Quel 23 settembre del 1985 è
diventato un simbolo per la professione giornalista e la sua definizione. Di Siani,
se ne parla sempre in modo doloroso, non si accetta la sua morte sul campo, da
professionista onesto, alla ricerca della verità. Sarà stato tutelato, sarà stato
ingenuo, avrà capito di trovarsi in un vicolo cieco? Era solo con tutto il suo
fervore giovanile e la sua ingenuità. Nessuno che l’abbia messo in guardia sui
pericoli a scrivere di certe realtà. Un giovane alle prime armi con la voglia
di approfondire quello che di solito è eluso. Altro dubbio che qualcuno abbia
speculato su di lui, magari lasciandolo fare come un trapezista senza rete. Elucubrazioni
ormai senza valore. La sua morte dovrebbe servire a non ripetere certi errori,
ma dopo trentotto anni per un giornalista non è cambiato nulla, può trovarsi ancora
nella stessa situazione di Giancarlo. Scrivere la verità dei fatti è complicato
e anche oggi si resta soli. Si può asserire la verità su argomenti che non
ledono interessi o menzionare persone che non possano querelarti. Che cos’è la
querela d’altronde? L’intimazione a non proseguire su quello cui indaghi, a
dirti che ciò che hai scritto è troppo, e devi fermarti. La verità ha una sua
profondità: puoi attenerti solo alla sommità, affondare al suo centro o andare
anche oltre il fondo. La maggior parte si attiene alla superficie. Se affondi
nella notizia, cominciano a prenderti di mira, se vai oltre, affondano te. Un
giornalista è veramente libero di scrivere? Se metti mano in alcuni meandri
della politica, edilizia, sanità, per esempio, sembra si vada a profanare dei
templi, si può facilmente cadere in un abuso, per una parola, una sentenza,
un’insinuazione, un travisamento. I criteri da rispettare sono: la verità,
l’austerità e l’interesse pubblico e mantenere separati i fatti dalle opinioni.

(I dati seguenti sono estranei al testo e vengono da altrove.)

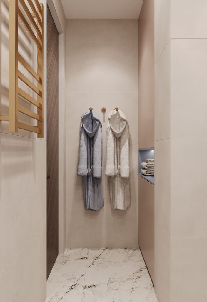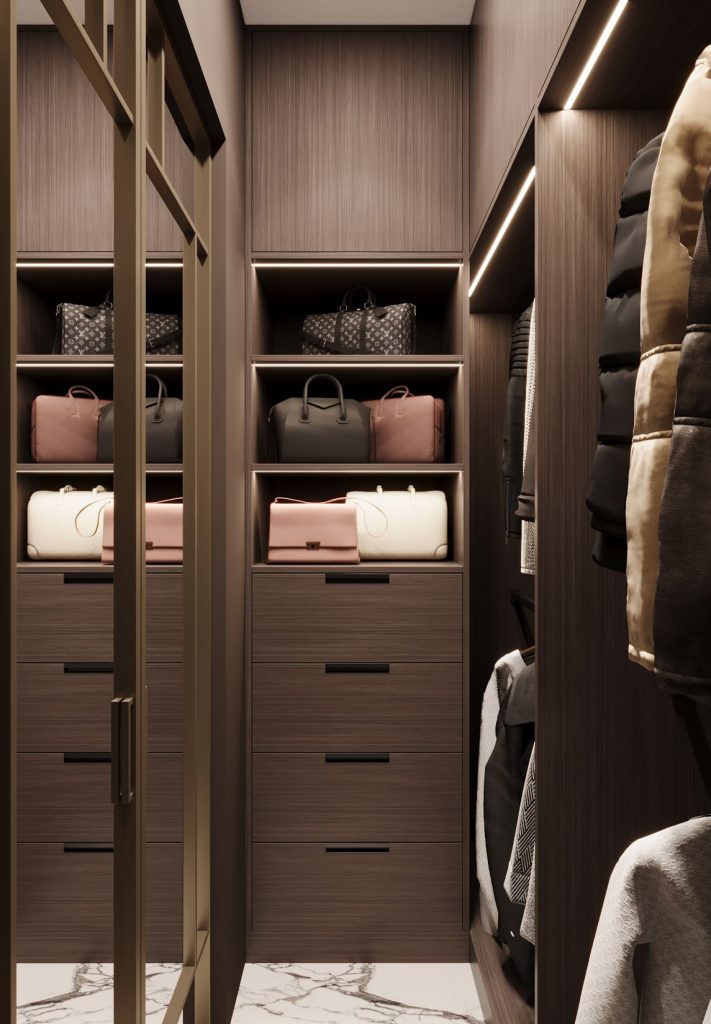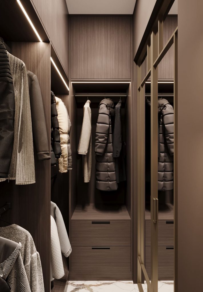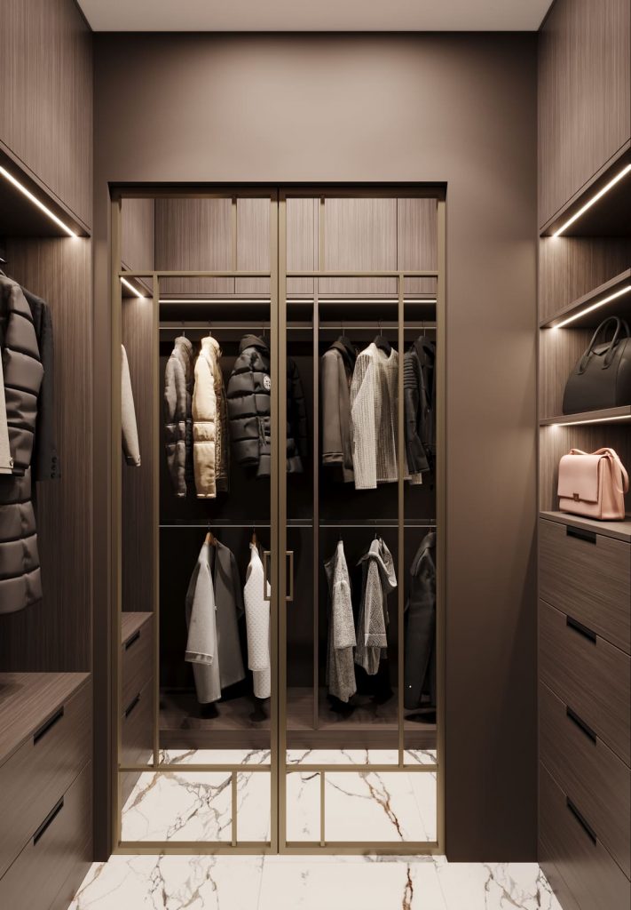 Пространство организовано рационально и удобно: штанги для короткой и длинной одежды, глубокие ящики и открытые полки для сумок. Потолочная подсветка подчёркивает аккуратную структуру хранения. Фасады с текстурой дерева и бронзовые рамки стеклянных дверей создают ощущение уюта и премиальности. Пол выложен тем же керамогранитом, что и в санузле, — для визуальной связи с остальным интерьером.

L’informazione deve anche rispondere alle domande del lettore. Oggi il
giornalista ha mezzi che Giancarlo non aveva. Con lo smartphone può scrivere, correggere,
costruire un articolo e pubblicarlo. Il successo della notizia la decreta il
lettore, dal fatto di non ledere i diritti di nessuno, conforme a quanto si
dice in giro. Se aggiungi qualcosa a quello che dicono tutti, sarà pure verità,
ma come voce unica non conta, poiché può essere presa per opinione del cronista.
E l’esclusività della notizia dà la certezza di avere maggiori lettori. La
legge del web è spietata, ma anche quella della carta stampata. Il giornalista è
una talpa: gira, controlla, verifica, scarta, appura, annusa e solo dopo un controllo
capillare di quello che va scrivendo, pubblica. Una volta non c’era la
possibilità di confrontarsi con tutte le altre notizie simili, poiché uscivano
in contemporanea. Oggi la stessa notizia si trova in versione breve, lunga, graziosa, cioè ce n’è per tutti i gusti. Dimmi
quanto tempo hai e ti darò la tua rassegna stampa, sembra un motto ma è così.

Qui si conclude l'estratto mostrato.